DecisionTreeClassifier
-------------------
Scoring Metric:  roc_auc
Scores:  [0.55436244 0.5559     0.55604507]
Mean Score:  0.56

RandomForestClassifier
-------------------
Scoring Metric:  roc_auc
Scores:  [0.64513755 0.64566076 0.64448238]
Mean Score:  0.65

KNeighborsClassifier
-------------------
Scoring Metric:  roc_auc
Scores:  [0.71843994 0.7135111  0.70972577]
Mean Score:  0.71

SGDClassifier
-------------------
Scoring Metric:  roc_auc
Scores:  [0.63682229 0.58291512 0.55214536]
Mean Score:  0.59



K-Neighbors gave the best score so far. 

## 5. Resampling

I tried to resample (under-resampling) the dataset to make use of accuracy as a performance metric.  Excess data in the No-show = "No" class was eliminated until the two classes are split 50/50.

In [143]:
data_clean_yes = data_clean[data_clean['Labels']==1]
data_clean_no = data_clean[data_clean['Labels']==0].sample(yes) # yes/no amounts were calculated in section 1
data_clean_5050 = pd.concat([data_clean_yes,data_clean_no])

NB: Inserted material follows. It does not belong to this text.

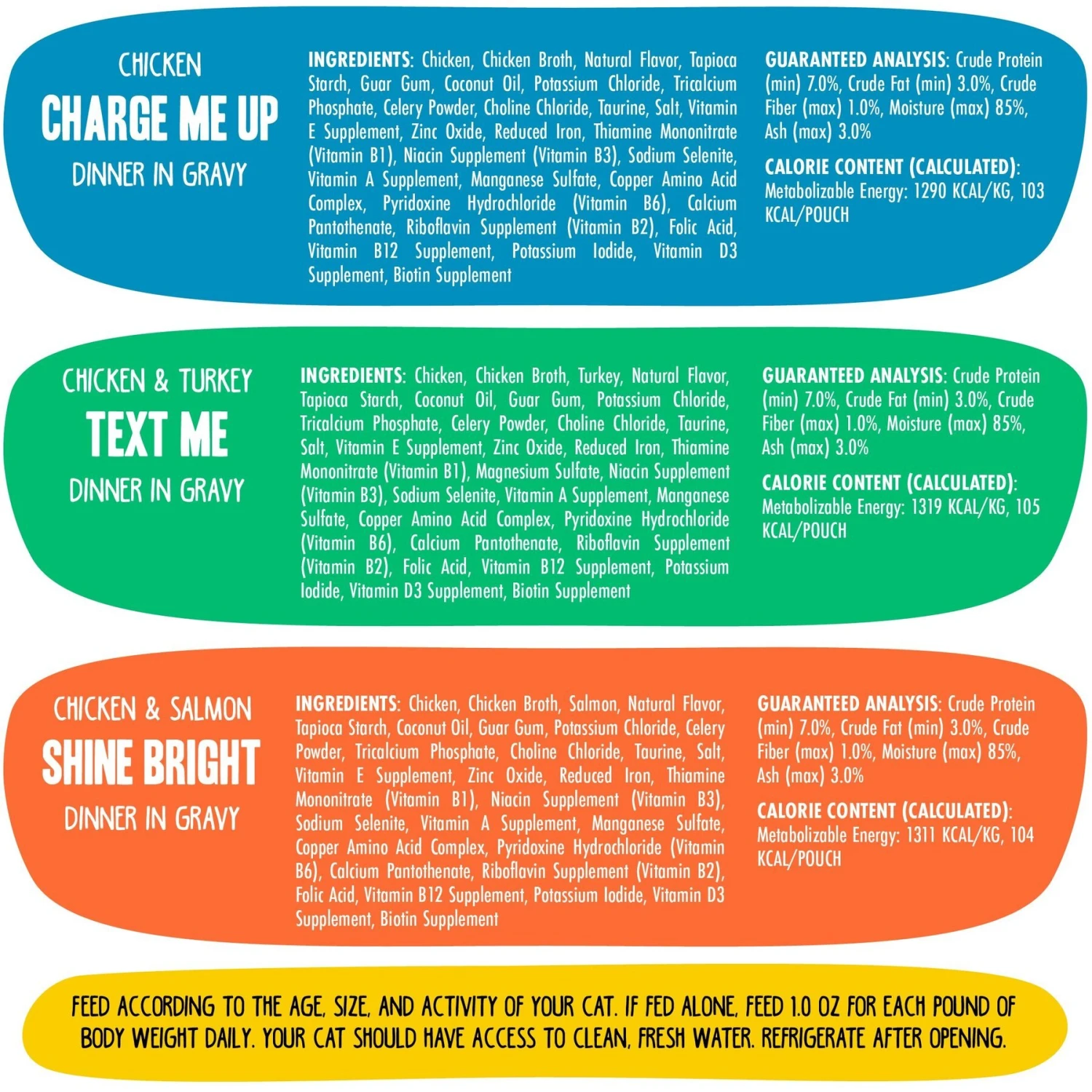 - 3 scrumptious all-natural wet cat food recipes crafted with real, cage-free chicken in a lip-smacking gravy.

Prepare data and test several classifiers on training data as was done before, but looking at accuracy...

In [144]:
train_features5050,test_features5050,train_labels5050,test_labels5050 = data_prepare(data_clean_5050,0.3)

31246 train + 13392 test


In [145]:
testClassifiers(train_features5050,train_labels5050,'accuracy')

LogisticRegression
-------------------
Scoring Metric:  accuracy
Scores:  [0.63786482 0.63139702 0.63264522]
Mean Score:  0.63

DecisionTreeClassifier
-------------------
Scoring Metric:  accuracy
Scores:  [0.60243856 0.60758521 0.60480077]
Mean Score:  0.6

RandomForestClassifier
-------------------
Scoring Metric:  accuracy
Scores:  [0.61443932 0.6131541  0.61641863]
Mean Score:  0.61

KNeighborsClassifier
-------------------
Scoring Metric:  accuracy
Scores:  [0.66042627 0.64896783 0.65472876]
Mean Score:  0.65

SGDClassifier
-------------------
Scoring Metric:  accuracy
Scores:  [0.62461598 0.61325012 0.61757081]
Mean Score:  0.62



Once again, KNN performed the best.  

Next, tuning hyperpameters of KNN?  Or going back and looking more closely at importance of different features.